▶ [WHAT IS REQUIRED]: Reproduce the lines below exactly. Skip images.

▶ [PROVIDED DATA]:
:::::
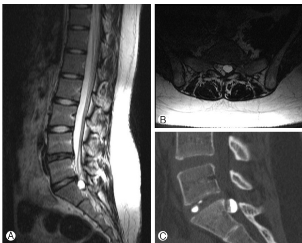
Fig. 3. A 17-year-old woman with symptomatic discal cyst. A and B : T2-weighted sagittal and axial magnetic resonance images reveal the discal cyst. C : Computed tomographic scan after discography confirms the cyst connected to L5-S1 intervertebral disc.

tear was noticed in one patient as an attempt was made to dissect the adhesion with the dura. Dural repair by artificial dural graft was performed, and fibrin glue was injected. There was no sign of persistent cerebrospinal fluid leakage and meningocele. There was no evidence of the recurrence of cyst during the follow-up period. Histological examination of the cysts in 7 patients revealed fibrous connective tissue without evidence of epithelial lining cell or disc materials (Fig. 1, 2, 3).
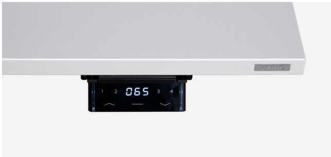
Height adjustment with memory/display
:::::
▶ [FINISHED EXERCISE]:
Fig. 3. A 17-year-old woman with symptomatic discal cyst. A and B : T2-weighted sagittal and axial magnetic resonance images reveal the discal cyst. C : Computed tomographic scan after discography confirms the cyst connected to L5-S1 intervertebral disc.

tear was noticed in one patient as an attempt was made to dissect the adhesion with the dura. Dural repair by artificial dural graft was performed, and fibrin glue was injected. There was no sign of persistent cerebrospinal fluid leakage and meningocele. There was no evidence of the recurrence of cyst during the follow-up period. Histological examination of the cysts in 7 patients revealed fibrous connective tissue without evidence of epithelial lining cell or disc materials (Fig. 1, 2, 3).
Height adjustment with memory/display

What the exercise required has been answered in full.